WORK TO BE COMPLETED: Give the records again. Keep them exact and leave out the images.

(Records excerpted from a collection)
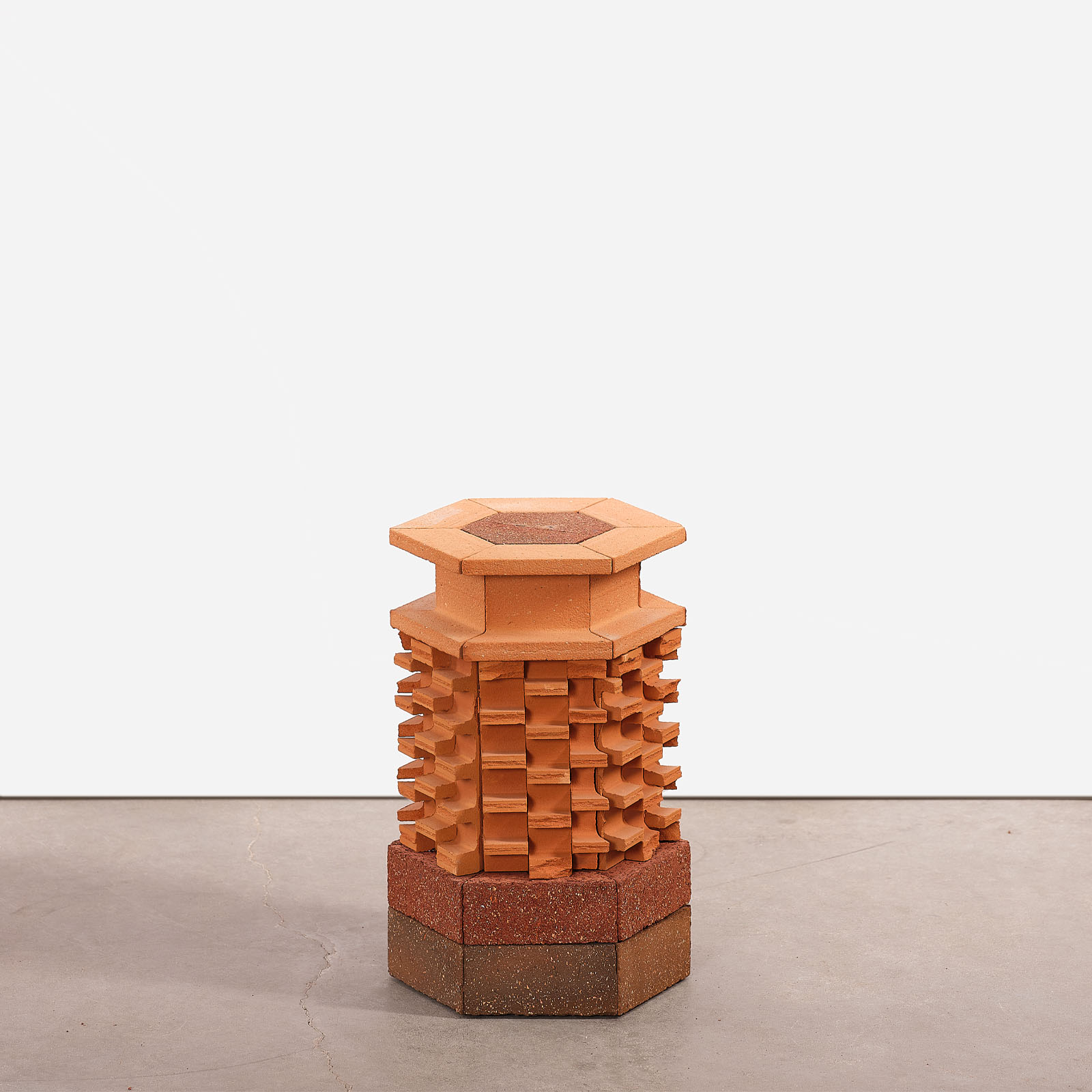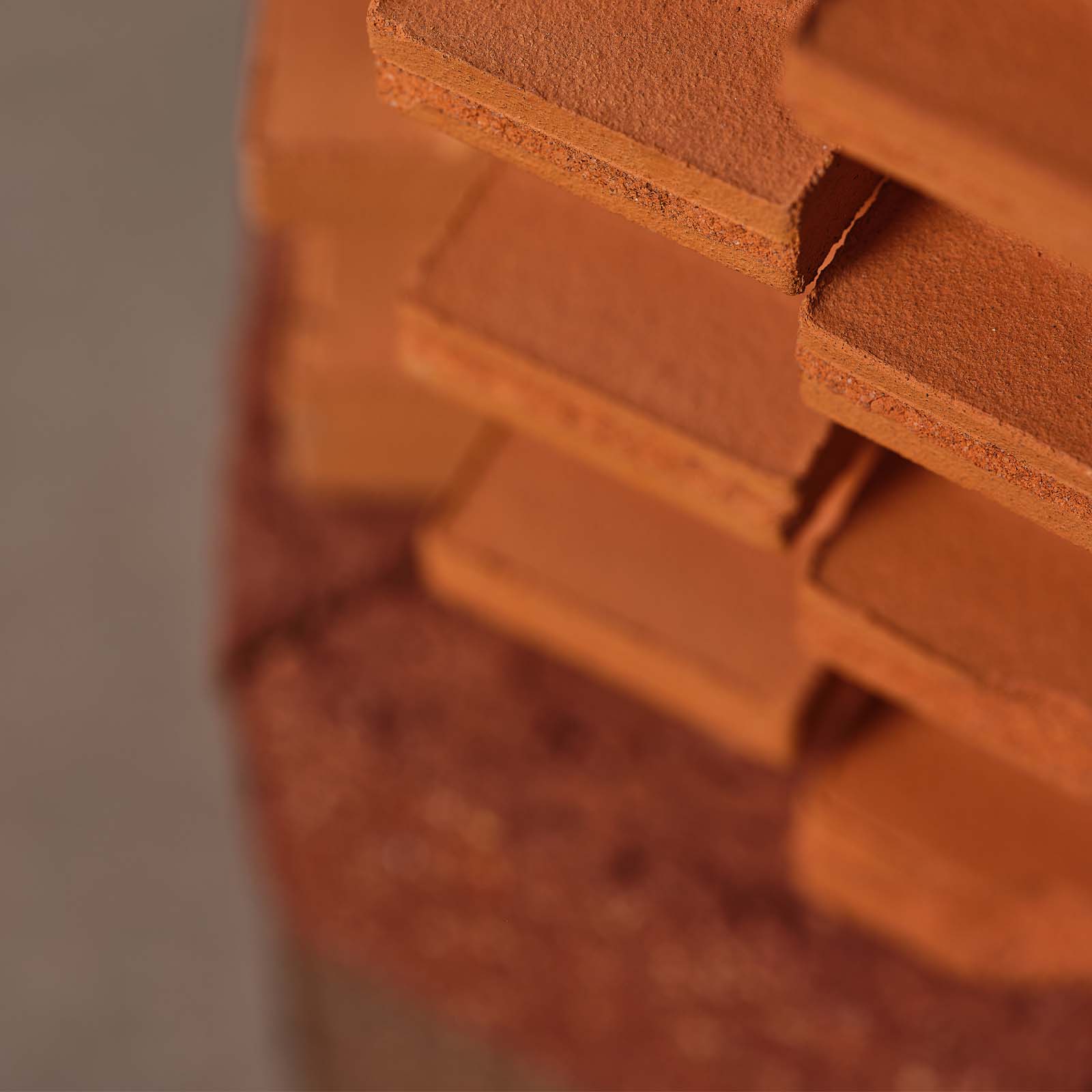 Bricks are made of earth but they are industrially produced and nowadays they symbolize a society which has been driven continuously by money and productivity. Highlighting their subtile colors, their extensive textures and their graphical qualities, Aurélien Veyrat resets our vision : while looking at his columns or sculptures of repeated elements, we feel a confrontation between past and future, between low- and high-technology, between industry and craft. As an archeologist, Aurélien Veyrat keeps, classifies, archives all the precious wastes he creates by sculpting bricks. This parts inspires him new shapes and new associations. As far as his wastes go smaller, he has a new challenge. Questioning the relation between decor and construction, with common elements we never care about, he develops his own imaginary spaces and let the visitors interpret scales and combinaisons in their own ways. We can be moved by the beauty of these ruins while our world seems so troubled.
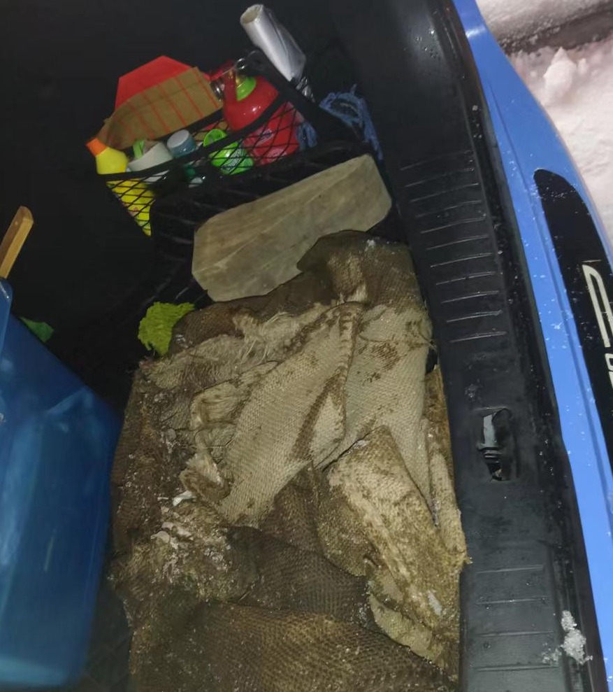 看着这一场景,刘国庆马上想到后备箱备有麻袋和三角木,于是上前跟公交司机建议,用麻袋垫在车轮底下,增加摩擦系数,然后再发动车辆,公交司机心领神会。
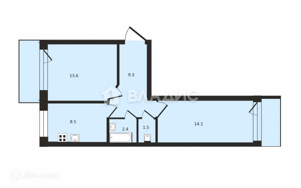 Жилая площадь 29.7 м2
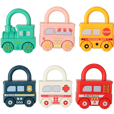Színes lakatos autókból álló készlet, amelyek összekapcsolhatók. Minden autóhoz csak egy kulcs illik. Nagyszerű szórakozás a logikus gondolkodásra és a kézügyesség gyakorlására. Anyaga: műanyag. Az autó méretei: Méretek: 7 cm x 9 cm
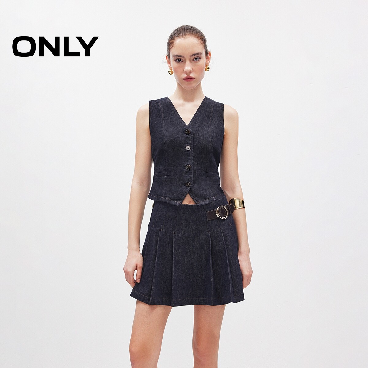ONLY2026春季新款活性染防走光短裤内衬A字牛仔百褶短裙半身裙女
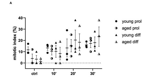 Indeed, the MI mean value significantly increases after 20 and 30 min of ViSS treatment compared to control conditions in both prol and diff aged cells, starting with percentages of a maximum of 5% to reach the 20–25% after the longest time of treatment (16.83 ± 3.11 aged prol 20 min vs. 5.08 ± 4.53 control, p = 0.0236; 18.67 ± 3.22 aged prol 30 min, p = 0.0024) (Figure 7A).
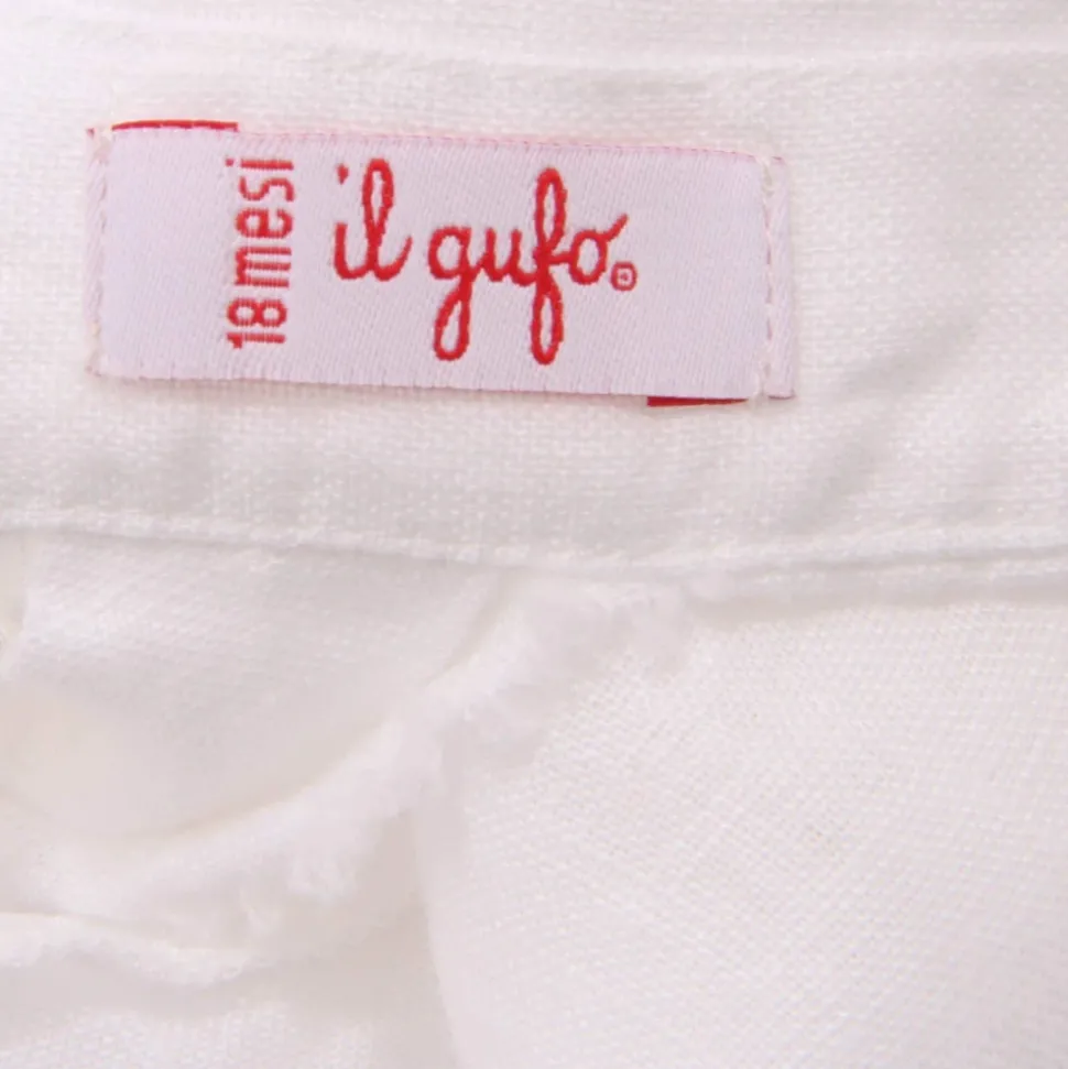 Verrijk de stijl van je kleine meisje met deze Il Gufo set uit Italië. Gemaakt van 100% linnen, het bevat een wit t-shirt en grijs-wit gestreepte shorts.
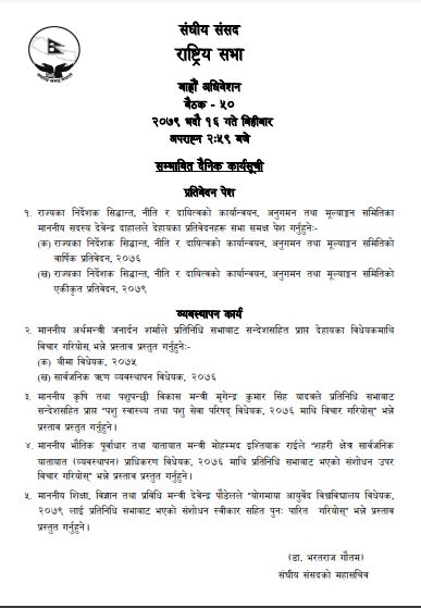 त्यस्तै, बीमा विधेयक २०७५, सार्वजनिक ऋण व्यवस्थापन विधेयक २०७६, पशु स्वास्थ्य तथा पशु सेवा परिषद् विधेयक, २०७६ माथि विचार गरियोस् भन्ने प्रस्ताव, शहरी क्षेत्र सार्वजनिक यातायात व्यवस्थापन प्राधिकरण विधेयक, २०७६ माथि प्रतिनिधिसभाबाट भएको संशोधनमाथि विचार गरियोस् भन्ने प्रस्ताव प्रस्तुत गर्ने कार्यसूची रहेको छ ।

YOUR SOLUTION:
 Bricks are made of earth but they are industrially produced and nowadays they symbolize a society which has been driven continuously by money and productivity. Highlighting their subtile colors, their extensive textures and their graphical qualities, Aurélien Veyrat resets our vision : while looking at his columns or sculptures of repeated elements, we feel a confrontation between past and future, between low- and high-technology, between industry and craft. As an archeologist, Aurélien Veyrat keeps, classifies, archives all the precious wastes he creates by sculpting bricks. This parts inspires him new shapes and new associations. As far as his wastes go smaller, he has a new challenge. Questioning the relation between decor and construction, with common elements we never care about, he develops his own imaginary spaces and let the visitors interpret scales and combinaisons in their own ways. We can be moved by the beauty of these ruins while our world seems so troubled.
 看着这一场景,刘国庆马上想到后备箱备有麻袋和三角木,于是上前跟公交司机建议,用麻袋垫在车轮底下,增加摩擦系数,然后再发动车辆,公交司机心领神会。
 Жилая площадь 29.7 м2
Színes lakatos autókból álló készlet, amelyek összekapcsolhatók. Minden autóhoz csak egy kulcs illik. Nagyszerű szórakozás a logikus gondolkodásra és a kézügyesség gyakorlására. Anyaga: műanyag. Az autó méretei: Méretek: 7 cm x 9 cm
ONLY2026春季新款活性染防走光短裤内衬A字牛仔百褶短裙半身裙女
 Indeed, the MI mean value significantly increases after 20 and 30 min of ViSS treatment compared to control conditions in both prol and diff aged cells, starting with percentages of a maximum of 5% to reach the 20–25% after the longest time of treatment (16.83 ± 3.11 aged prol 20 min vs. 5.08 ± 4.53 control, p = 0.0236; 18.67 ± 3.22 aged prol 30 min, p = 0.0024) (Figure 7A).
 Verrijk de stijl van je kleine meisje met deze Il Gufo set uit Italië. Gemaakt van 100% linnen, het bevat een wit t-shirt en grijs-wit gestreepte shorts.
 त्यस्तै, बीमा विधेयक २०७५, सार्वजनिक ऋण व्यवस्थापन विधेयक २०७६, पशु स्वास्थ्य तथा पशु सेवा परिषद् विधेयक, २०७६ माथि विचार गरियोस् भन्ने प्रस्ताव, शहरी क्षेत्र सार्वजनिक यातायात व्यवस्थापन प्राधिकरण विधेयक, २०७६ माथि प्रतिनिधिसभाबाट भएको संशोधनमाथि विचार गरियोस् भन्ने प्रस्ताव प्रस्तुत गर्ने कार्यसूची रहेको छ ।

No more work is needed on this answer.